Granted, the number of homicides in Houston has increased since 2019, and there has been a spike in the number of offenses committed by people on bail since 2015. However, the hardcore truth is that there is absolutely no responsible data linking the increase in violent crime to bail reform.
The truth is that the overwhelming majority of homicides in Houston during 2020 and 2021 were committed by people who were not on bail. The same is true for the rise in other “violent” crimes. The overwhelming majority of these crimes are committed by people who are not on pre-trial release.
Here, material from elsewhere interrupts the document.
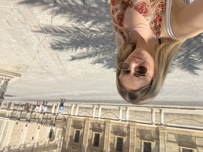 A woman with blonde hair, wearing sunglasses and a patterned top, takes a selfie. She is standing on a brick-paved area. Behind her, a building with columns and multiple windows extends, partially obscured by other people standing on a higher level. The shadows of palm leaves fall across the pavement. The photograph is taken from an unusual angle, appearing upside-down.

For whatever reasons (and there are plenty to go around), the COVID-19 pandemic and the resulting economic stressors have unquestionably spawned a dramatic increase in violent crime, especially homicides, in virtually every major city in the country.
But these increases have nothing meaningful to do with “bail reform” or “reform-minded judges.” Trying to link increased violent crime to bail reform or “Democratic” judges is nothing more than politically motivated “law-and-order” politics fueled by conservative Republicans and rogue Democrats like Kim Ogg.
The truth is that Kim Ogg has failed to make promised common-sense reforms to make the courts fair to all, both defendants and victims of crime. She has taken the slippery slope of her predecessors by using dog whistles and blame to spiral into a dark hole with no policy other than political survival. Meanwhile, the office is in disarray, with prosecutors “bailing out” in droves and joining DA’s offices in surrounding counties where they can practice law without oppressive micromanagement and plummeting office morale.